00:05You know, it's the fast food of emotions.
00:09I mean, because the thing about nostalgia is, I mean, nostalgia literally means going home.
00:13I mean, it's inherently a regressive idea that doesn't ask much from an audience.
00:17And I felt like this film was inherently a progressive idea.
00:20Not how do we go back, but how do I get Fred Rogers into 2018?
00:24Who's a better advocate for these kinds of crucial issues we have in our culture right now
00:28about civility and neighborliness and kindness?
00:31Fred Rogers was kind of the closest thing I could come up with
00:34and was just trying to amplify that message.
00:37I wondered, are there aspects of the film that came out differently
00:41because of the moment we're living in right now?
00:44Sure. I mean, without a doubt.
00:47It changes the perspective on everything.
00:50I mean, Mr. Rogers talks about bullying in your film.
00:53Sure, and building a wall, the land of make-believe, you know, all these things.
00:56The issues that we're dealing with right now in our culture have existed for a long time.
01:01I did a film called Best of Enemies about these debates between Gore Vidal and William Buckley,
01:04which actually deals with all the same issues of TV.
01:07TV is a place to either make conversation and civility better or worse.
01:13There are issues I care about, so I keep coming back to them in different films in different ways.
01:17And if that was a cautionary tale, Won't You Be My Neighbor is, you know, a hopeful tale.
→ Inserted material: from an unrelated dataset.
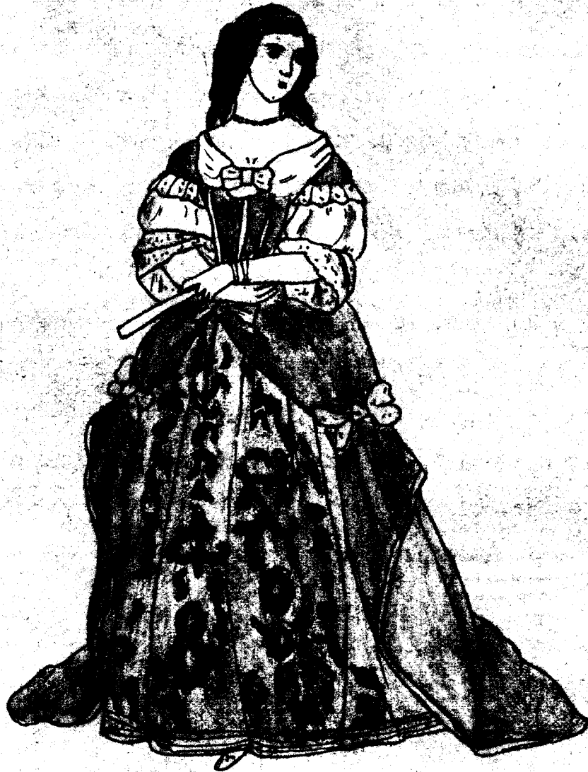
1663 - Louis XIV (From Lacy)

01:22We have these conversations as filmmakers about, are we preaching to the converted?
01:26Are we just talking to each other?
01:27And I felt like it was this rare opportunity to make a film that would play for people who I didn't agree with.
01:33And it's done that.
01:34And if that's the thing that's actually given me the most optimism,
01:38there are people who I don't agree with politically who have loved the film,
01:42and maybe in that way we can have some common ground we can build upon.
01:52I mean, you were born a couple of years before the show started.
01:55Did you grow up watching him?
01:56I was born six months before the show started,
01:59and I was like Gen 1 Mr. Rogers fanatic.
02:02And my relationship with him predates my memory.
02:05And making the film, it really, it took me back to revisit part of myself that I hadn't thought about in a really, really long time.
02:12Making the film was like 10 years worth of therapy rolled into one production.
02:15You know, it was very cost efficient in that way.
02:17And I honestly had no idea if anybody else cared.
02:20I mean, I had a number of people tell me when I was making the film,
02:23they're like, Mr. Rogers, really?
02:25You know, good luck with that.
02:26You know?
02:27And it turns out a lot of people were touched in a similar way.
02:31Mrs. Rogers, Joanne, who's an amazing woman,
02:35when I explained to her the film I wanted to make,
02:38I said, I want to make a film about his ideas, not about his biography.
02:42And she said, well, that sounds like a good thing,
02:44because Fred always said if anybody made a film out of his life,
02:46it'd be the most boring film ever.
02:48And I said, well, I don't necessarily agree with that.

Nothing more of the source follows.